Por otra parte, continuaremos con las jornadas de networking. Se irán incorporando en el plan a medida que se vayan programando. Y también hacer mención a otras experiencias de aprendizaje informal, de las que ya hemos hablado en otras ocasiones en este blog, y que en la medida que consigamos que enraícen, deberán tener un lugar de privilegio en los planes anuales.

Calendarios y procedimientos:

El pasado día 18 se puso en marcha la convocatoria de una parte importante del plan, es decir, el período para que los empleados públicos de los ayuntamientos y de los departamentos de la diputación puedan (podáis) solicitar aquellos cursos que respondan a vuestras necesidades formativas. El plazo estará abierto hasta el próximo 8 de febrero.

Antes de solicitar un curso, es muy importante que leáis detenidamente las características del mismo, objetivos, contenidos y sobre todo el perfil de destinatarios. Si os surge alguna duda al respecto, no dudéis en contactar con el personal del departamento de formación.

Aunque como os decía, el Plan tiene un total de 193 cursos, en esta convocatoria de la que os hablo, han salido un total de 137, por lo que quedan 56 pendientes de convocar. Se trata de aquellas acciones formativas de las que nos faltan todavía datos, bien materiales, bien disponibilidad de profesorado, o cuestiones de tipo organizativo. Por lo tanto, si observáis en el plan algún curso que os interesa, pero no lo veis en la convocatoria, tendréis que esperar a que lancemos el programa. Todos y cada uno de ellos, serán objeto de convocatorias singulares que se difundirán por los medios habituales.

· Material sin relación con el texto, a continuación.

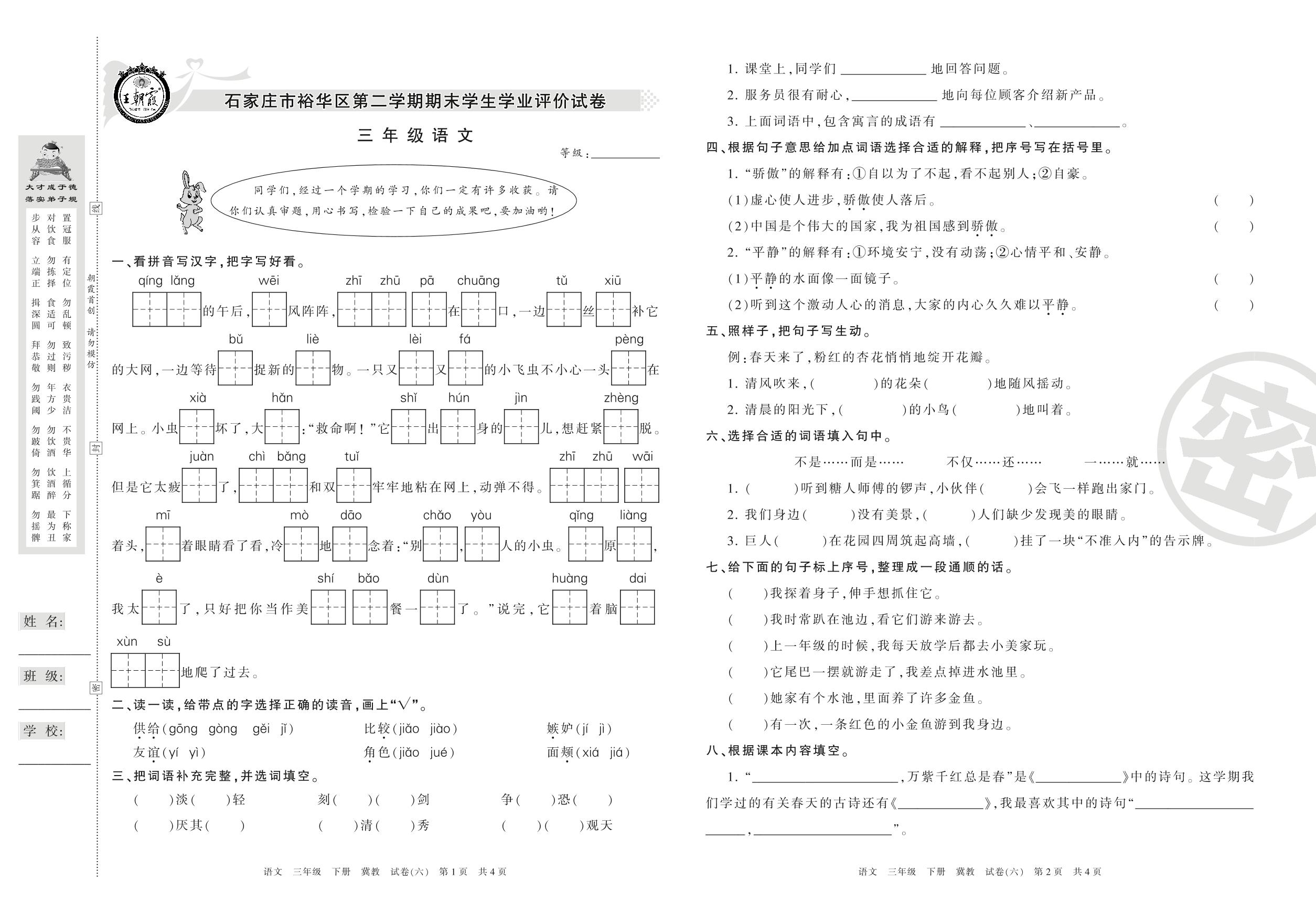 2015-2016学年第二学期石家庄市裕华区三年级语文试卷(冀教版)【6】

Las solicitudes que ahora hacéis, llegan a vuestros ayuntamientos o departamentos. En cada uno de ellos hay una persona responsable de los temas de formación que, a posteriori, y de manera telemática, nos las enviarán priorizadas, y que será nuestra base para programar. Ante cualquier duda sobre el procedimiento, también podéis acudir a estas personas.

El cartel:

Los carteles que ayudan e ilustran la difusión del plan, los últimos años están diseñados por el personal del propio departamento. En esta ocasión, ha sido obra de Mª José Esplá, Itziar Esteban y Cristina Alepuz. Lo tenéis al comienzo de este post. Magnífico trabajo, chicas!!